Carnivorous or heterotrophic plants have particular structural traits that enable them to capture insects. By secreting digestive secretions, these plants digest the insects and obtain their nutrition. These plants thrive on mineral-deficient soil.

For example, Venus flytrap and Pitcher plant.

Saprophytic Nutrition

Saprophytic plants eat dead and decaying plants and animals for nourishment. They digest the dead and decaying matter, and absorb the nutrients via secreting digestive fluids.

For example, molds and mushrooms,

Symbiotic Nutrition

Symbiotic is a term used to describe a close relationship between two plants from different groups. Both plants benefit from each other in this manner.

For example, the association of fungi and trees.

Nutrition in Animals

Animal nutrition is determined by their eating patterns. Ingestion is the process of ingesting food. Different animals consume food in different ways. Animals can be divided into the below-mentioned groups based on their food habits:

Herbivores: Herbivores are animals that get their sustenance from plants and fruits. Cows, goats, sheep, buffaloes, and other livestock are examples of Herbivores.
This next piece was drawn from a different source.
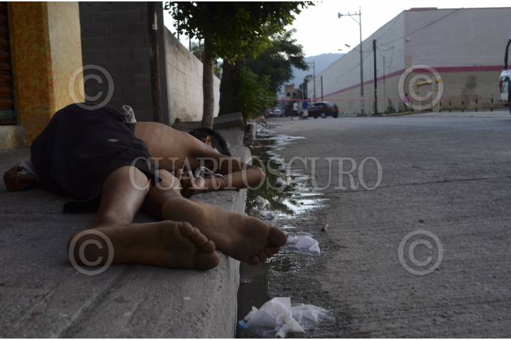 ACAPULCO, GUERRERO, 20JULIO2012.-Alrededor de las 20 horas, un joven de entre 14 y 17 años fue ultimado a balazos entre la calle Ignacio Manuel Altamirano y Andador zuli’ en la colonia Renacimiento, atrás de la tienda Soriana, en las inmediaciones del restaurante Gervasio ´s los asesinos dejaron un mensaje en una cartulina. FOTO: BERNANDINO HERNANDEZ /CUARTOSCURO.COM
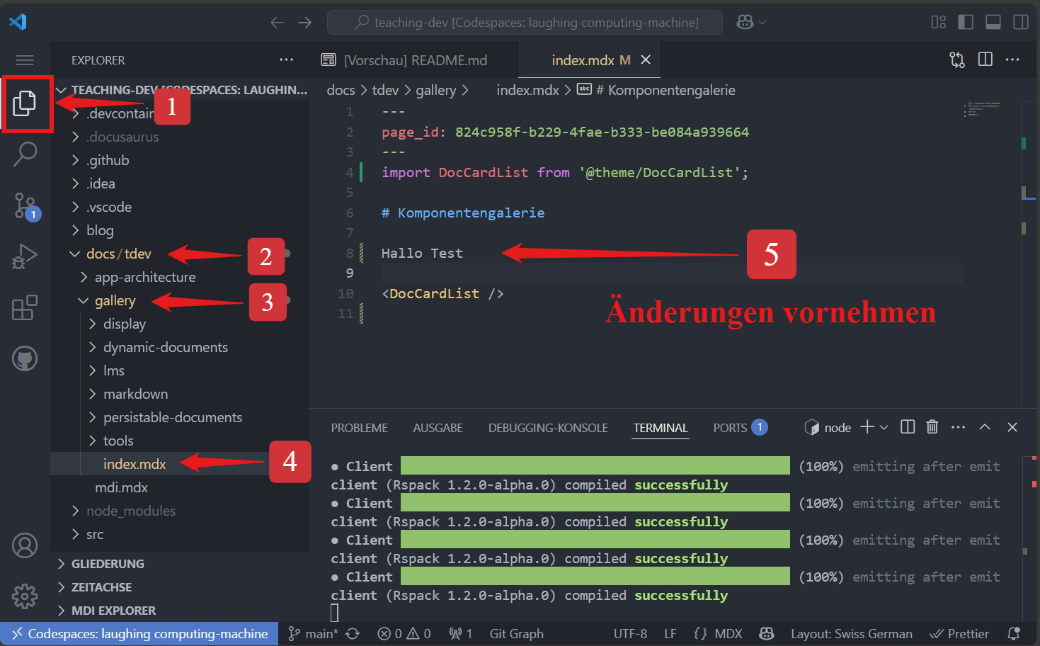 - Im Codespace können nun Änderungen an der Webseite vorgenommen werden.

Carnivores: Carnivores are the animals that feed on other animals. Lions, tigers, and wolves are some examples of carnivores.

Omnivores: Organisms that consume both plants and animals fall under the Omnivorous category. Humans, bears, dogs, and crows are some examples of Omnivores.
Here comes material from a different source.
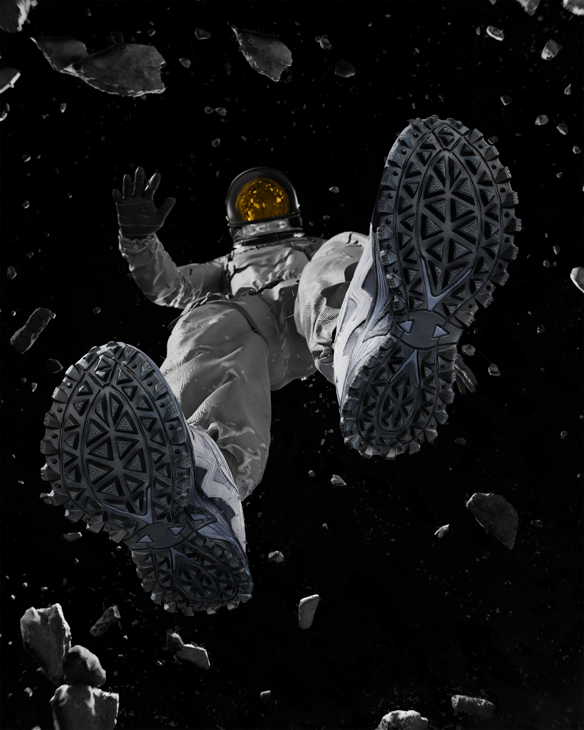Numechi Studio needed to launch Saucony’s Grey Pack with a campaign that referenced the moon landing aesthetic without falling into predictable studio visuals.

Different Types of Nutrition

The following are the different types of nutrition in animals:

  • Filter Feeding: The process of getting nutrients from particles suspended in water using a filter, commonly used by fishes.
  • Deposit feeding: The process of collecting nutrients from suspended particles in the soil. This process helps earthworms consume their food.
  • Fluid feeding: The process of getting nutrients by ingesting the fluids of other species. This style of food consumption is seen in honey bees and mosquitos.
  • Bulk feeding: The process of acquiring nutrients by consuming the entire organism. Python is a good example.
  • Ram and suction feeding involve swallowing prey through bodily fluids. Aquatic predators, such as bony fish, use this digestion method.

Nutrition Process in Animals

The following steps involve the process of nutrition in animals:

Ingestion: The process of taking in food is known as Ingestion.

Digestion: The bigger meal particles are broken down into smaller, water-soluble bits during the digestive process. Food digestion can be physical or chemical.

Absorption: The process of absorption of digested food in the bloodstream through the intestinal wall is known as absorption.

Assimilation: Food is absorbed and utilised by the body’s cells for energy, development, and repair. This process is known as assimilation.

Egestion: Food that has not been digested is excreted from the body in the faeces. This process is known as Egestion.

We hope the above article helped you clear your doubts on Nutrition.